ANCOM tutorial — do I need to filter my table?

Nisha · March 3, 2020, 5:04am

I have found the mistake.. Thank you.

Also I wanted to ask that in differential abundance testing with ANCOM, there is filtration step to get only gut sample.

Since I have only gut microbiome data so can I use my same table.qza file and I will skip this step..?

timanix · March 3, 2020, 6:00am

Hi! Filtration step is just an example and if you don't need to filter your samples, just skip it. Or you can filter by other parameter, if you need it for the analysis.

jwdebelius · March 3, 2020, 7:28pm

Hi @Nisha,

I like filtering my features before ANCOM, but not necessarily my samples. So, I tend to get rid fo things tthat don't have a lot of counts or aren't present in many samples because they tend to be "different" and add noise.

Best,
Justine

Nisha · March 4, 2020, 7:51am

hi... i think filteration step should be provided after the generation of feature table and featureData summary. Since I am new to qiime2, i followed the tutorial and just before ANCOM I got to know about filteration. now I am finding it necessary to filter just after dada2..
please comment

regards

Nisha · March 4, 2020, 7:51am

hello @jwdebelius
you mean you will drop those samples that have less sequence counts?

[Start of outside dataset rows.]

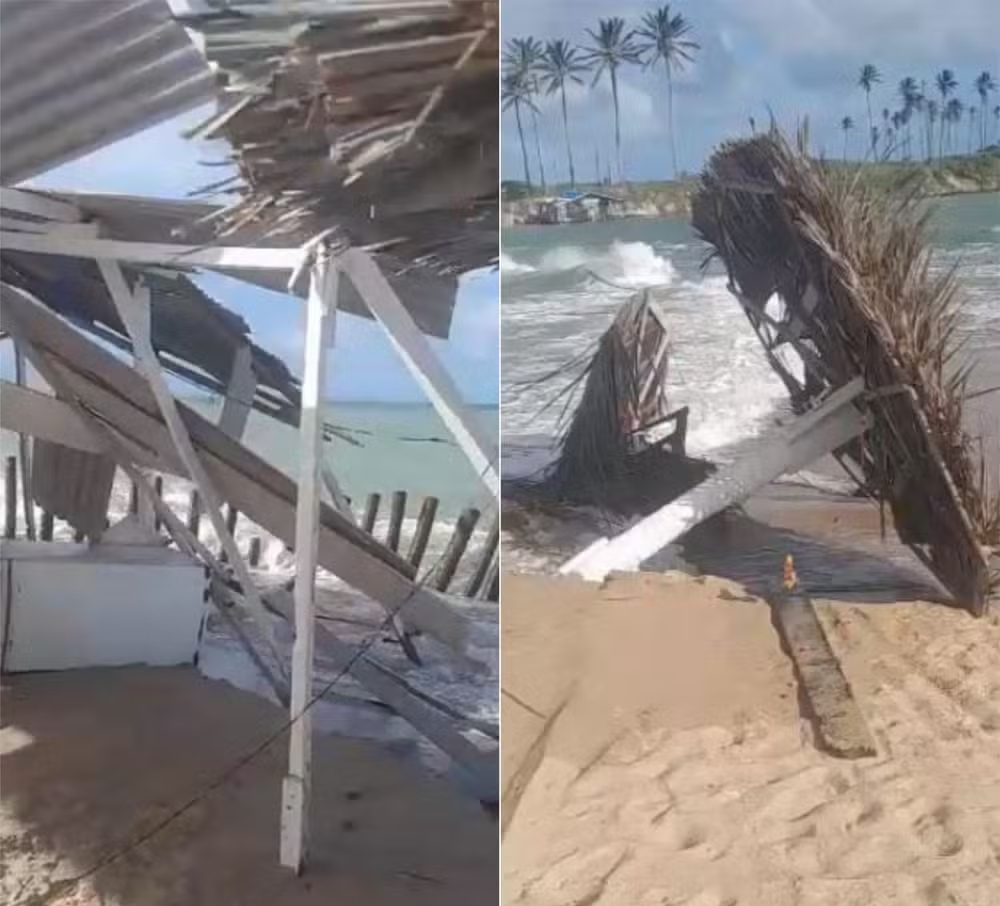 Mar avança e destrói barracas na orla de Maxaranguape, no litoral do RN
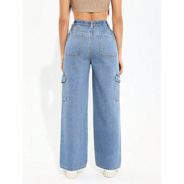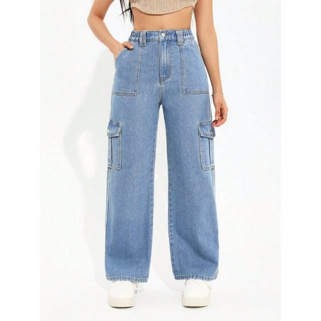 Pantalon cargo en jean stretch écologique de luxe taille haute Y2K bleu glace pour femme, multipoches, coupe droite, style décontracté urbain
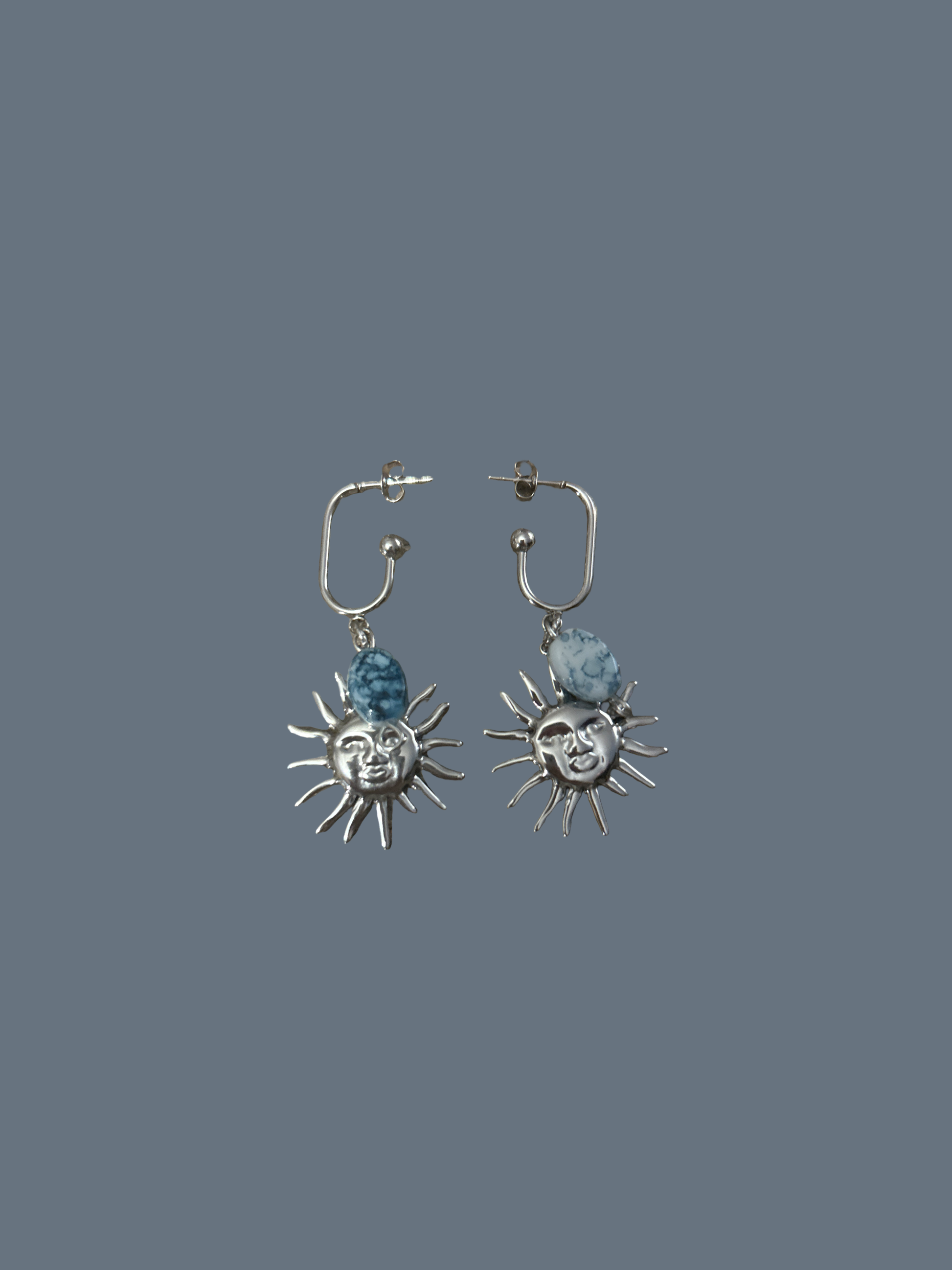 Boucles d’oreilles en acier inoxydable, ornées d’une breloque soleil de 2 cm et d’une petite perle en verre. Leur format discret et leur finition argentée en font un bijou facile à porter au quotidien.
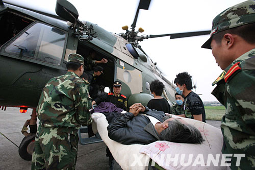 5月21日,直升機降落在成都鳳凰山機場,武警官兵將傷員抬出。新華社記者 王建民攝

jwdebelius · March 4, 2020, 7:57am

Hi @Nisha,

No, I do at least a two part filtration. First, I drop anything with counts below my rarefaction depth because those are deemed "bad quality" samples for thsi study's definition of bad quality.

Then, I double check my samples in PCoA space and may drop samples which do not cluster, period. I may also filter at this step to spit or remove samples that aren't relevant to my current analysis. (For example, sometimes people will send samples about both and but only want to look at so then we filter.)

Third, before feature-based analysis, I filter my table to get rid of anything with less than (1/rarefaction depth) in less than 10% of my communities. My suggestion here, since the joint filtering isnt implemented in qiime (yet... its on my list), to first filter out any feature present in fewer than 10% of your samples and see where that gets you.

This decreases the over all number of features you test while discarding things that are likely either noise or underpowered.

Best,
Justine

Nisha · March 4, 2020, 12:49pm

@jwdebelius
I was able to drop 1 sample in rarefaction analysis.
and minimum frequency per feature is 1, this I got to know just before ANCOM, so should I filter this data for low abundance features and re-run all steps???
because I used the same table.qza file for all steps...

regards

timanix · March 4, 2020, 1:07pm

Hi!
In my opinion, you can do it or remove low abundant features before ANCOM and use this table only for ANCOM if you don't want to redo all the steps you already did. But I want to see what @jwdebelius will answer

jwdebelius · March 4, 2020, 1:55pm

Hi @Nisha,

No, I pass a table where I haven't filtered features based on prevelance/abundance into rarefaction and then filter my features before I do differential abundance.

Best,
Justine

jwdebelius · March 6, 2020, 12:37pm

A post was split to a new topic: Genus-level boxplots

jng · March 19, 2020, 4:23pm

Hi @jwdebelius

Thank you for providing details on how to filter our tables before ANCOM . I have currently filtered out my features present in less than 10% of my samples.

However, I was also following the ANCOM tutorial (Parkinson's mouse), and was wondering whether you could explain why p-min-frequency is 50.

This is from the pd-mice tutorial:
qiime feature-table filter-features
--i-table ./table_2k.qza
--p-min-frequency 50
--p-min-samples 4
--o-filtered-table ./table_2k_abund.qza

I'm having difficulty deciding what my p-min-frequency should be - I also have a minimum frequency per feature of 1, and I know that filtering low count ASVs should be done to limit FDR. Could you please kindly explain what numbers should be taken into consideration when choosing our p-min frequency before running ANCOM?

Thank you!

Best

jwdebelius · March 19, 2020, 9:56pm

Hi @jng,

If you have run Dada2 or Deblur, there is no ASV in your original table which contains less than 10 counts. If you've since filtered your data (for example, to split experiments, discard samples, etc) then this may no longer be true.

I was involved in writing the PD mice tutorial and, to be honest, I can't remember the exact logic behind that specific depth. (I double checked my notes from that period, and... its not recorded :/. Sometimes that's the way it goes in this field: you pick a something and work with it). The mean/total abundance and prevalence co-vary pretty closely so most of the low abundance features will be picked up in your first filtering.

Best,
Justine

jng · March 24, 2020, 7:29am

Thank you very much @jwdebelius for your clarification regarding the specific depth of our p-min frequency. I will keep that strategy in mind when running the rest of my analysis

Best

system · April 24, 2020, 1:29pm

This topic was automatically closed 31 days after the last reply. New replies are no longer allowed.